Ecuador zahlt seine Schulden mit Oel zurück
Stellen Sie sich vor, der See, an dem Sie leben, fällt einem Wasserkraftwerk zum Opfer. Die Ufer werden zubetoniert, die Tier- und Pflanzenwelt verschwindet, kein Baden im See, Spazieren am Ufer oder Besuch im schön gelegenen Restaurant. Sie als Einwohner gehören zu den Verlierern, was Ihre Lebensgqualität angeht. Die gewonnene Energie dient nicht etwa der Bevölkerung, sondern muss ausserland verkauft werden, damit der Staat, in dem Sie zuhause sind, überlebt.
Was für uns – bis anhin zumindest – eine Gedankenspielerei bleibt, ist in anderen Ländern dieser Welt bittere Realität.
Mitten im Regenwald des Yasuni-Nationalparks
Lassen wir uns für einen Moment am Steilufer des Rio Napo nieder. Hier mitten im Regenwald des Yasuni-Nationalparks in Ecuador geniessen wir eine Symphonie von Geräuschen und Farben. Anders die Papageien und Sittiche. Zu Tausenden fliegen sie hierher, um an der Tonerde im Hang zu knabbern. Die enthaltenen Mineralien neutralisieren das Pflanzengift, das die Vögel beim Fressen von Früchten unweigerlich einnehmen. Was ist geschehen?
Seit Generationen nutzen die indigenen Völker an diesem Ort die Artenvielfalt an Pflanzen und Tieren, ohne sie zu gefährden. Doch ihre Lebensweise im Einklang mit der Natur hat keine Zukunft. Die Ecuadorianische Regierung hat beschlossen, nach Erdöl zu bohren – dies, obwohl der Yasuni-Nationalpark 1989 zum UNESCO-Biosphären-Reservat erklärt wurde.

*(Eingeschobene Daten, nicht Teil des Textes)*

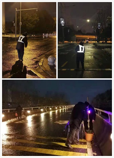 晚上22:00開(kāi)始,在高正集團(tuán)物業(yè)管理員的帶領(lǐng)下,保安隊(duì)員分成三個(gè)小組,一組保持日常秩序管控;二組對(duì)管轄范圍內(nèi)積水進(jìn)行清理以防結(jié)冰;三組對(duì)廣場(chǎng)、停車(chē)場(chǎng)、外圍路段進(jìn)行撒鹽。今年相比較往年撒鹽是比較困難的,沒(méi)有了城管的皮卡車(chē),隊(duì)員用水桶接著工業(yè)鹽各處分撒。氣溫驟降,寒風(fēng)凌冽,物業(yè)人一把一把的將熱情揮灑在了雪地上,讓落雪的美景再一次得到升華...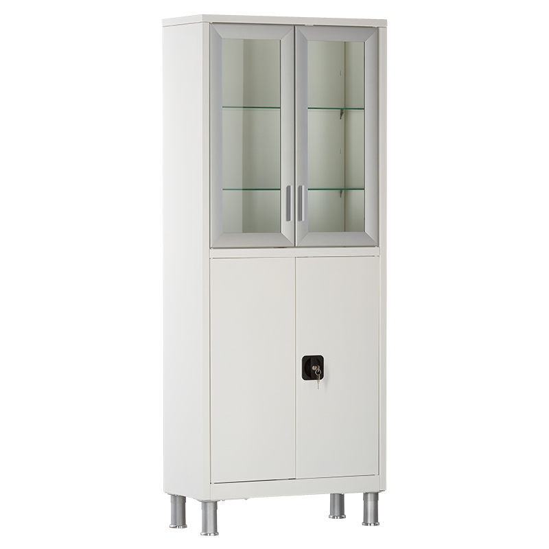Нижняя секция имеет две двери металлические с вертикальным П-образным усилителем, придающим им жесткость. Оси дверей вставляются в отверстия в горизонтальных коробах при сборке шкафа, а наличие втулок из ПВХ исключает люфт и смягчают работу дверей. Правая дверь снабжена врезным ригельным замком с поворотной ручкой и комплектом ключей, а левая комплектуется магнитной защёлкой. Две полки металлические устанавливаются на удобную для эксплуатации высоту.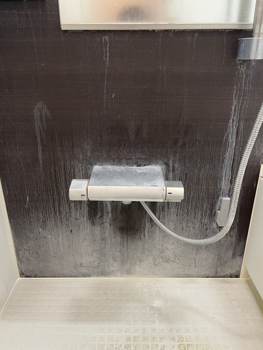 ご覧の通り、目立つ石鹸カス汚れ。とくにダークカラーの壁面パネルについた汚れは目立ちやすく、見た目の不快感を与えてしまいます。石鹸カスは、水に濡れるとヌメヌメ、乾くとパサパサした状態になり、堆積すると市販の洗剤で落とすのは大変です。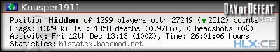 | Rank | Server | Kills | % | Ratio | Deaths | K:D | Headshots | Percentage of Headshots | % | HS:K |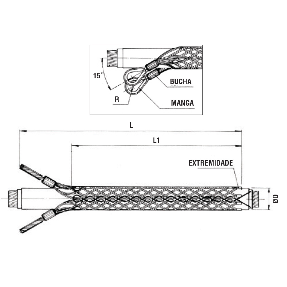 Camisa offshore (diâm. do cabo 55-60 mm; carga de trabalho 2,0 kgf)
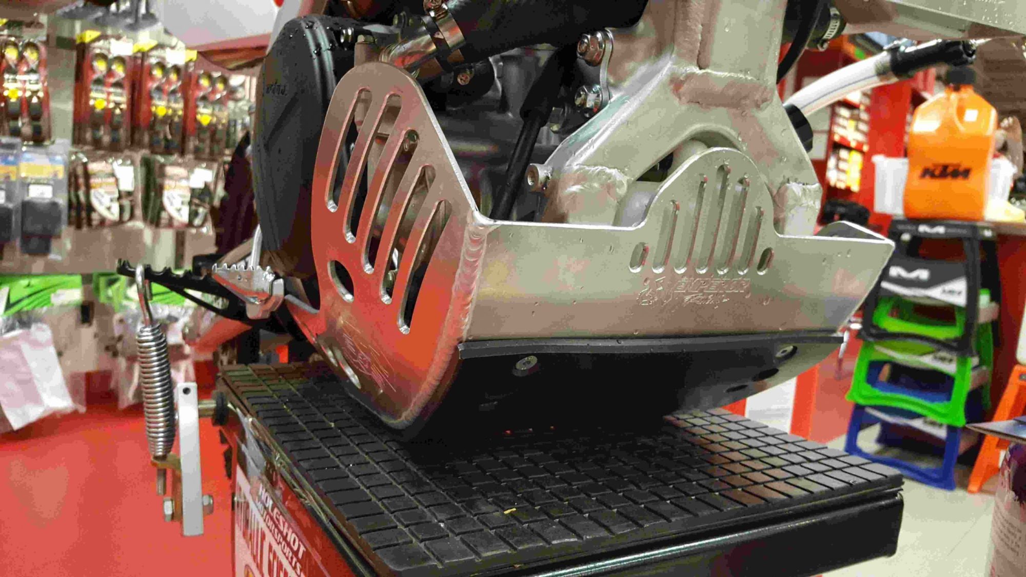 The Emperor Heavy Duty Skid Plate, in our opinion, is the best skid plate available on the market today. With a 3/16″ thick aluminum construction, hand Tig welded wings with an Emperor scorpion logo carved into each side for bling factor, aluminum mounting brackets and high-grade metric fasteners, you simply can’t go wrong. It also comes with 1/4″ thick x 3/4″ wide foam tape to place between the frame and skid plate for a nice snug fit that will eliminate any possible vibrations. This is the perfect product for the hardcore off-road rider.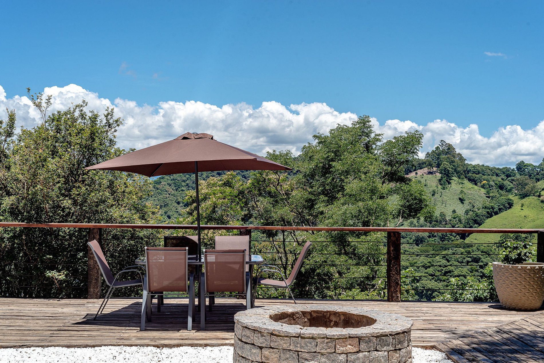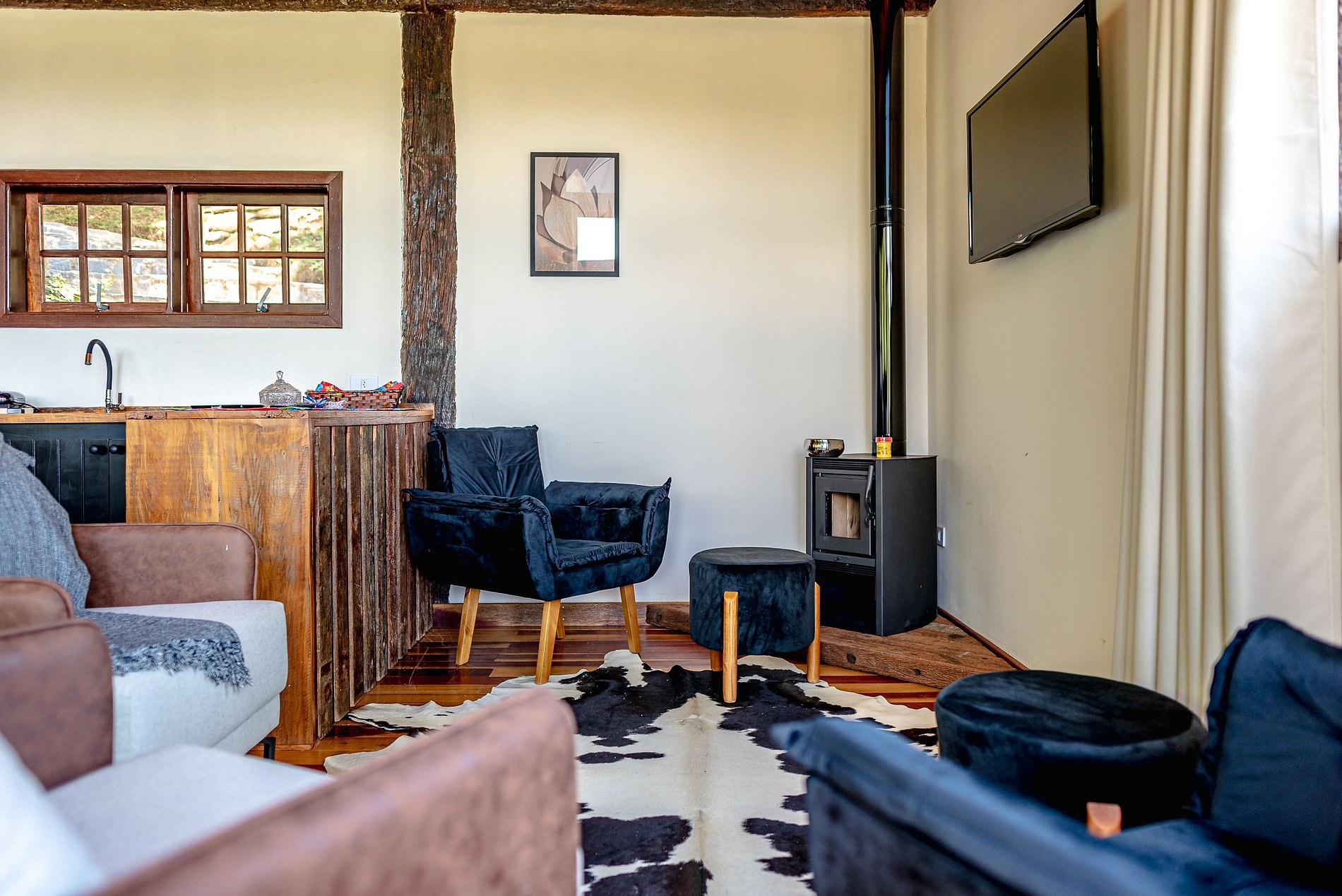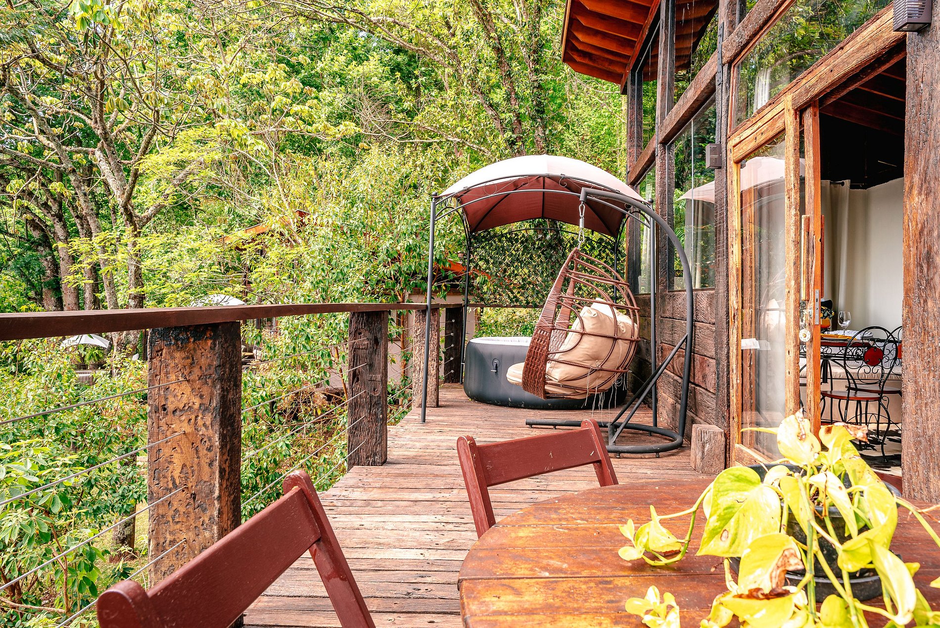 Contamos com quatro chalés incríveis, que proporcionam privacidade, além de uma área comum completa, com bar, piscina, mesas e fogo de chão — tudo para que você viva momentos inesquecíveis em meio à natureza.

Die Ureinwohner leiden. «Das Öl wird den Park zerstören – sagt eine Dorfbewohnerin – all das Dynamit für die Bohrungen, die Strassen für die Laster, die Schneisen für die Rohre – so wie es unsere Dorfgemeinschaft zerstört hat. Es hat uns gespalten und aus Freunden und Verwandten Feinde gemacht. Die einen wollen das schnelle Geld, die anderen denken an ihre Kinder und Kindeskinder, die den Preis für die Ausbeutung zahlen werden». Sie sei mit ihrer Schwester und ihren Onkeln zerstritten und wolle trotzdem weiterkämpfen, auch wenn nur wenig Hoffnung bestehe.

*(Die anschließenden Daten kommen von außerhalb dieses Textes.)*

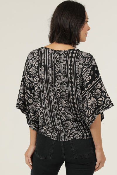 Talia V Neck Kimono Sleeve Tie Waist Printed Top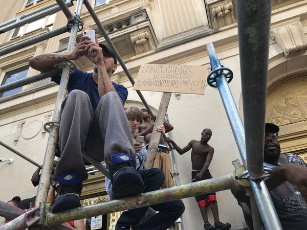 In one such confrontation, the crowd yelled “F**k you cowards” at two men, though it’s not clear what prompted the clash.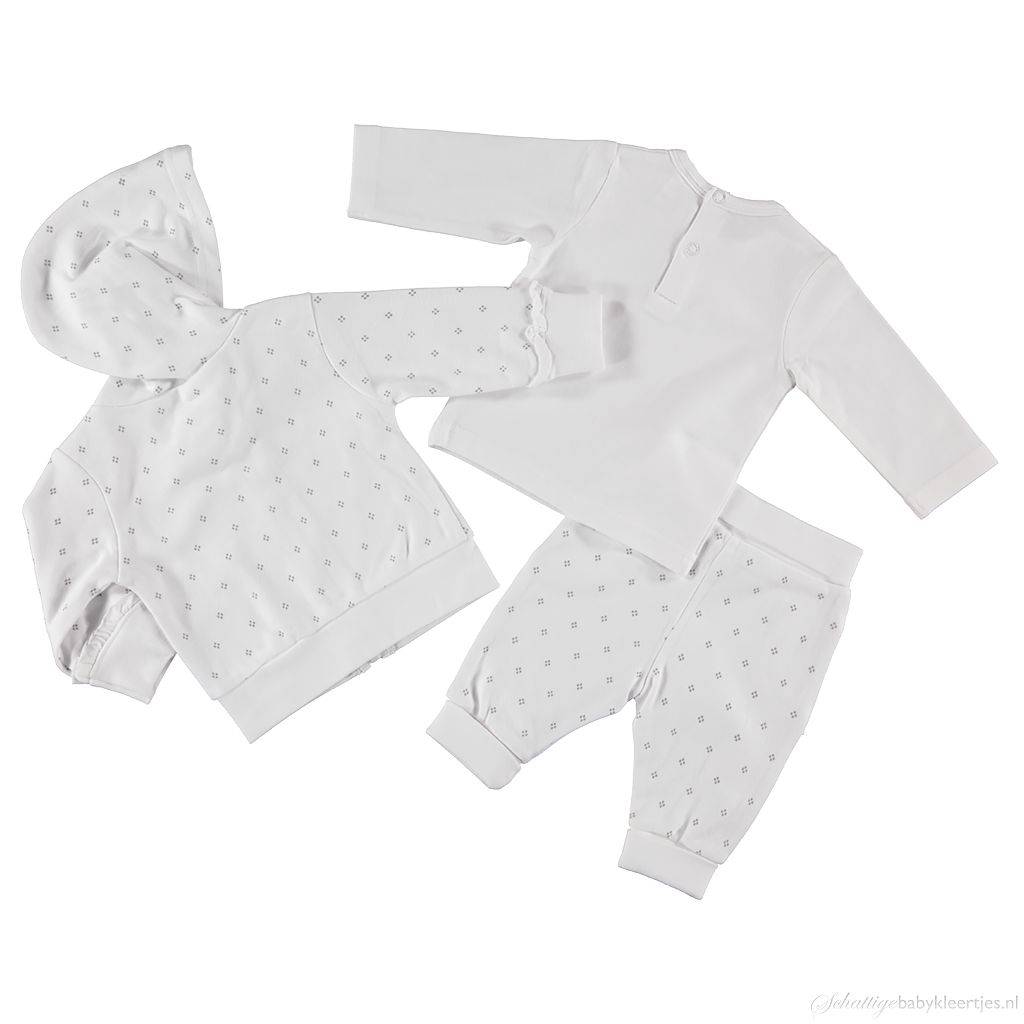 BroekjeBij dit setje hoort een recht broekje in de kleur wit. Ook het broekje is bezaaid met grijze stippeltjes in ruitvorm gegroepeerd per vier. In het middel en aan de broekspijpjes zit een comfortabel, dubbelgeslagen boord met elastiek. Op het broekje zitten ronde (nep)steekzakjes met een glad boordje en een randje met rouches daaromheen.

Die grosse Last der Staatsschulden
Dahinter steckt System. Das System einer Geld- und Wirtschaftsordnung, die unerbittlich die Einhaltung ihrer Regeln verlangt. Eine dieser Regeln ist, dass Schulden zurückgezahlt werden müssen, wenn man seine Kreditwürdigkeit nicht riskieren will. Und Ecuador schuldet China Milliardenbeträge – rückzahlbar in Erdöl. Der kurzfristige Schaden, den die Volkswirtschaft Ecuadors durch Nichteinhaltung erleiden würde, wirkt bedrohlicher als die Zerstörung von Billionen von Lebewesen, die keinen unmittelbaren Nutzen für das Land zu haben scheinen. Somit hat die Regierung die ersten Konzessionen zur Erdölförderung freigegeben, weitere werden folgen. Sie nimmt dafür die Zerstörung eines für unser aller Überleben notwendigen Ökosystems in Kauf. Und für die letzten indigenen Völker, die ausschliesslich vom Regenwald leben, bedeutet es das absehbare Ende ihrer Existenz.

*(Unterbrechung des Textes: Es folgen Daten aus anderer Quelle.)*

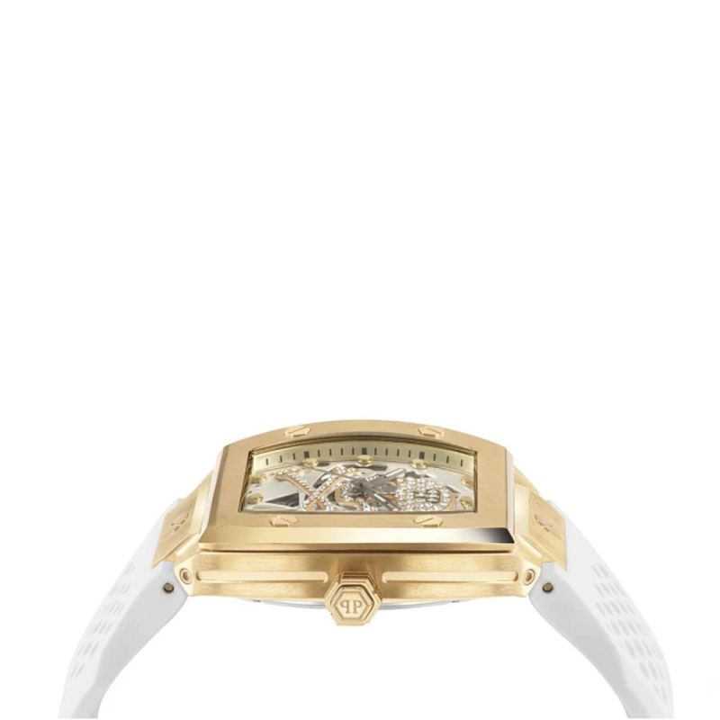 Мъжки часовник Philipp Plein от колекция The Skeleton. Циферблата е с атрактивен дизайн и отличителния за марката череп. Корпус изработен от неръждаема стомана. Бяла силиконова каишка. Минерално стъкло, устойчиво към надраскване. Автоматичен механизъм. Водоустойчивост 5 ATM - допускат се леки пръски и взимане на душ, не се препоръчва обилно мокрене.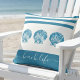 “Beach life”. Whenever you relax on this seaside throw pillow, you can be rest assured the summer seashore fun will continue. Three graphic, teal blue vintage seashells overlay a crisp, white background with nautical teal blue stripes. Both indoor and outdoor fabric choices available. Great for the family beach house, your coastal lifestyle, or just to bring a bit of the beach into your home all year round!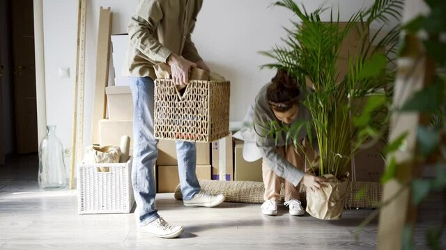 joyful young family of happy guy and woman wearing casual clothes carries boxes with different belongings. Couple celebrating moving day hugging and kissing give five together into large room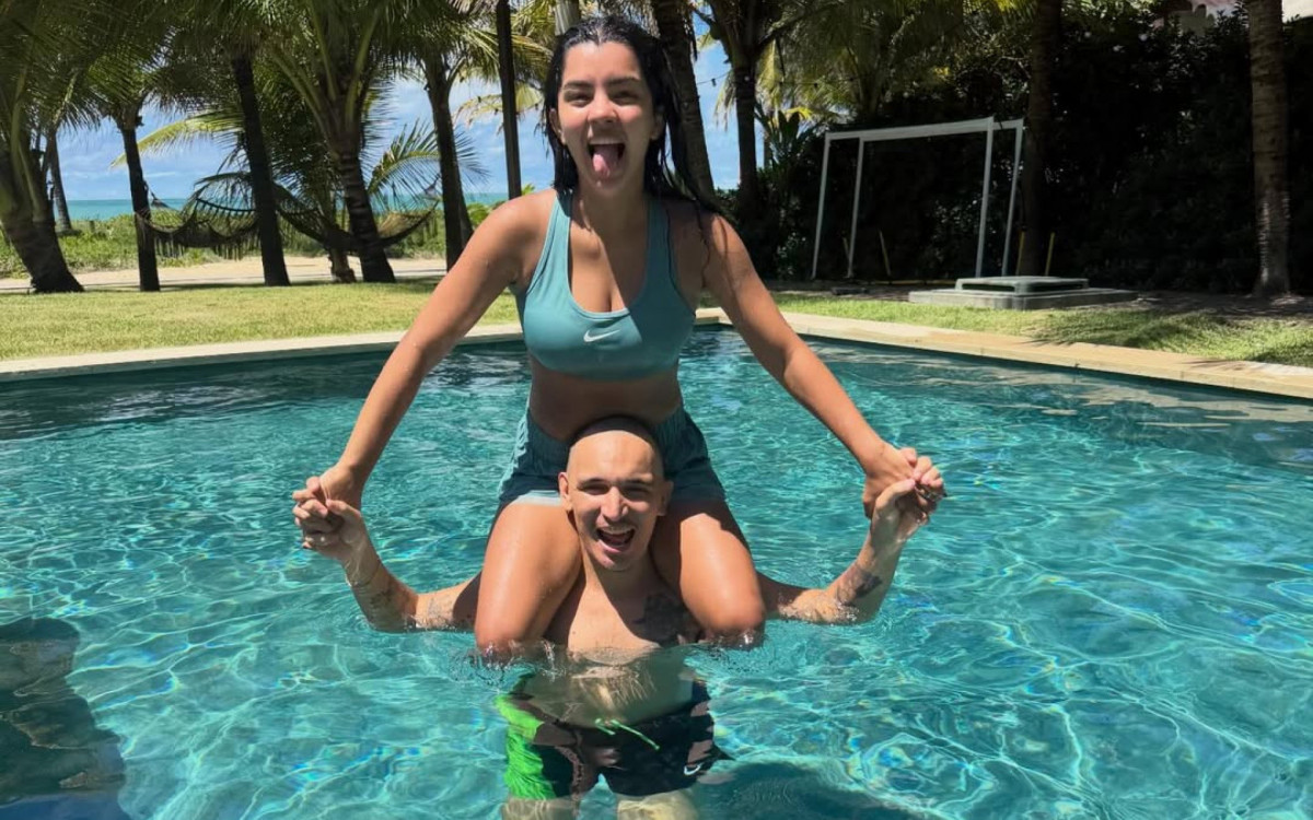 Rio - O cantor João Gomes e a mulher, Ary Mirelle, aproveitaram o dia de sol juntinhos, neste sábado (18). Na mansão recém-construída no Recife, em Pernambuco, o casal curtiu a piscina e compartilhou o momento nas redes sociais.

Ökologische Krisen gehen oft mit einer sozialen Krise einher. Am Beispiel Ecuador sehen wir, dass diese Krisen mit unserem Geld- und Wirtschaftssystem in unmittelbarem Zusammenhang stehen. Die Zwänge unseres kapitalistischen Geldes lassen es nicht zu, dass Investitionen ohne monetären Gewinn getätigt werden. Das hat sich im Fall von Ecuador in aller Deutlichkeit gezeigt. Die Regierung hatte nämlich vorgeschlagen, auf die Förderung aller Bodenschätze zu verzichten und den Nationalpark unangetastet zu lassen – dies, wenn das Land die Hälfte des Gegenwertes vom Ölvorkommen im Nationalpark erhalten würde. Etwa 350 Millionen Dollar wären das jährlich gewesen, über einen Zeitraum von dreissig Jahren hinweg. In den eigens dafür geschaffenen Fonds wurden gerade mal dreizehn Millionen Dollar eingezahlt. Das lag nicht allein an mangelnder Einsicht oder am fehlenden Willen: Andere Staaten stehen ebenso in der Pflicht, ihre Schulden zurückzuzahlen, und können es sich nicht leisten, solche Beträge zu zahlen, wenn damit keine Rendite erzielt wird.
Die Entscheidung der ecuadorianischen Regierung ist keiner Fehlleistung, Dummheit oder Korruption geschuldet, sondern unabwendbarer Teil dieser Wirtschaftsordnung.
Das Beispiel Ecuador zeigt, wie lokale und globale Systeme aufeinanderprallen und die Menschen in eine Zwangslage bringen. Was sich hinter diesem Dilemma verbirgt und sichtbar gemacht wird, sind die Eigenschaften von Geld und unserem Geld- und Wirtschaftssystem.